BWW Reviews: I'LL EAT YOU LAST at Salt Lake Acting Company
Seeing a virtuoso solo performance in a single-character show can leave an indelible impression. I can still remember many years ago watching Patrick Stewart in "A Christmas Carol," in which he played 40-plus Dickens roles. And a few months after seeing a spirited Lori Guiver perform as a singe character, Emily Dickinson in "The Belle of Amherst," Lori became my wife.
I will long remember Camille G. Van Wagoner's performance in Salt Lake Acting Company's irresistibly delicious production of "I'll Eat You Last: A Chat with Sue Mengers."
But "A Christmas Carol" and "The Belle of Amherst" this play is not.
Sue Mengers headed ICM -- or more officially, International Creative Management, a star-heavy agency with clients that included a few lead players you might have heard of, people like Candice Bergen, Peter Bogdanovich, Brian De Palma, Michael Caine, Bob Fosse, Mike Nichols, Ryan O'Neal, Burt Reynolds and Sidney Lumet.
Just like the legendary talent agent Mengers, Van Wagoner is brilliant, schmoozy, and devastatingly funny.
Van Wagoner is a superb master chef in this smorgasbord of insider Hollywood gossip and delectable tales of Tinseltown's finest -- or "twinklies," as the super agents calls the star casts of her legendary dinner parties.

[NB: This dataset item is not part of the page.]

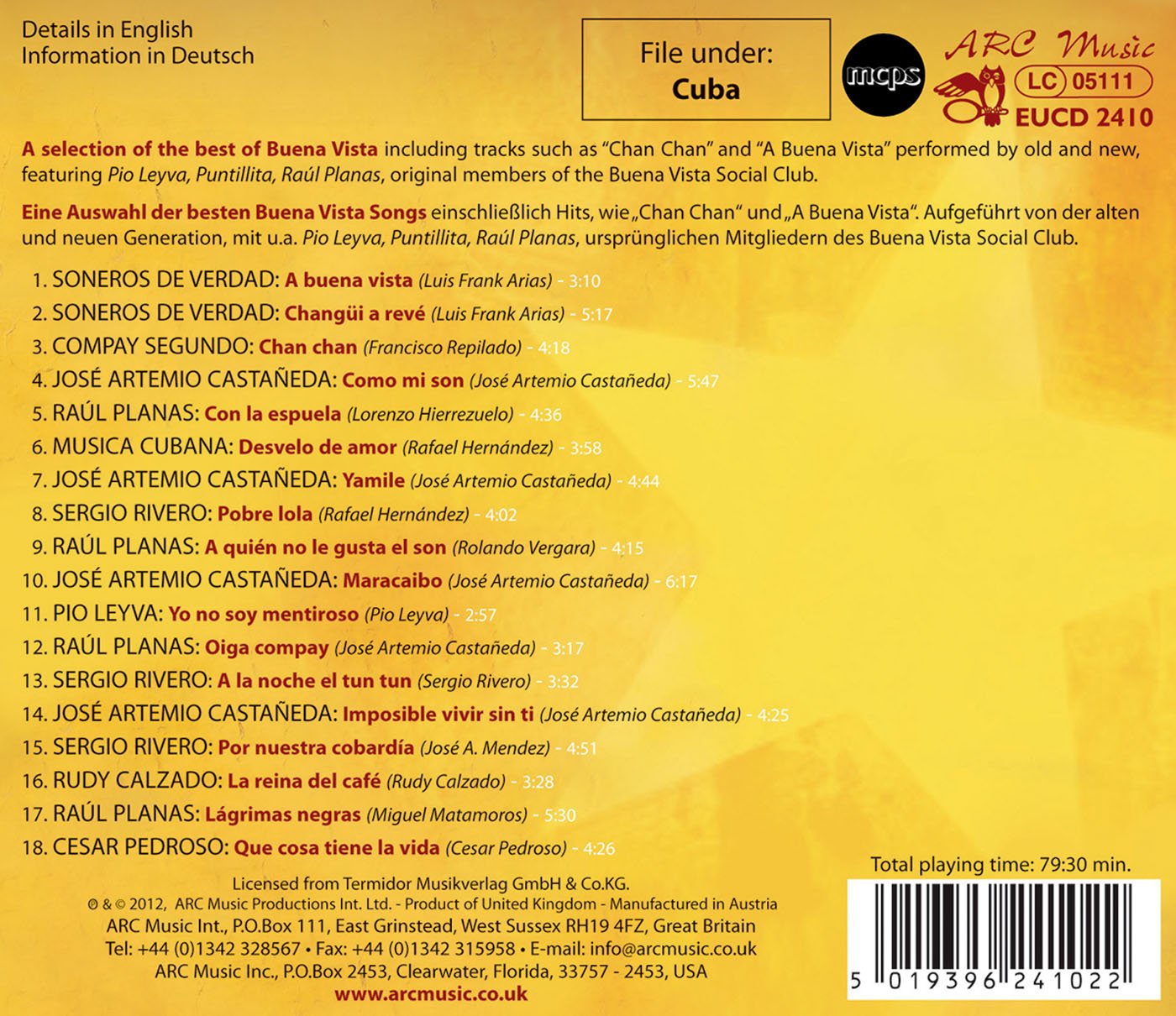 Details: Featuring original members of the Buena Vista Social Club, this selection of the Best of Buena Vista includes tracks such as "Chan Chan," "A Buena Vista," and other fantastic, exotic movements.
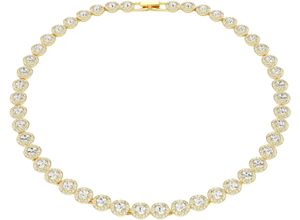 Armbänder Damenmode Themen & Trends Festliche Mode Schmuck & Uhren - EAN:9009656896259 - Dieses faszinierende Schmuckstück interpretiert das klassische Swarovski Tennis Armband mit einem neuen Level an Raffinesse. Das rhodinierte Design besticht rundum abwechselnd mit perfekt aneinandergereihten Swarovski Zirconia und Swarovski Kristallperlen, die diesem modernen Hingucker einen besonders edlen Twist verleihen. Der innovative Verschluss unterstreicht die präzise Verarbeitung und sorgt für sicheren Halt am Handgelenk. Kombinieren Sie dieses Armband mit den dazu passenden Ohrringen oder der Halskette für maximalen, brillanten Glanz. Entfache deine Träume mit meisterhaft gefertigten Swarovski Kollektionen in fesselnden und visionären Designs.: Möchtest du das perfekte Geschenk für besondere Anlässe finden? Swarovski hat eine atemberaubende Auswahl an exquisitem, gewagtem und verspieltem Schmuck, eleganten Uhren, funkelnden Handyhüllen, luxuriösen Kugelschreibern, bezaubernden Deko Figuren und zauberhaften Weihnachtskugeln, die sich ideal als Geschenk für Damen eignen. Zu Weihnachten kannst du mit Swarovski Schmuck und Weihnachtskugeln deinen Liebsten eine Freude bereiten. Die funkelnden und präzise geschliffenen Kristalle verleihen jedem Zuhause eine festliche Wärme und einem weihnachtlichen Dekor einen Hauch von Magie mit zauberhaften Lichtspielen. Ob als Christbaumschmuck oder als Geschenk, Swarovski Weihnachtskugeln sind ein Symbol für festliche Eleganz. Der Valentinstag ... Die Una Angelic Tennis Halskette in Gold ist eine luxuriöse Wahl, die durch ihre goldfarbene Legierungsschicht besonders hervorsticht. ![]() Collier SWAROVSKI 'Schmuck Geschenk Una Angelic Tennis Halskette', gold (gelbgoldfarben, kristallweiß), Halsketten, Damen, Metall, L: 41 B: 8mm, mit Swarovski Kristall, B:8mm

"For you civilians out there," Van Wagoner explains in character as Mengers, "CAA is Creative Artists Agency, the fastest rising of the so-called New Wave agencies; the shape of things to come we are all breathlessly promised. They've built the agency on a puritanical screed of monkish sublimation of the individual to the corporate entity, to quote their mentor, Stalin. ... Oh did I say Stalin? I meant Mike Ovitz."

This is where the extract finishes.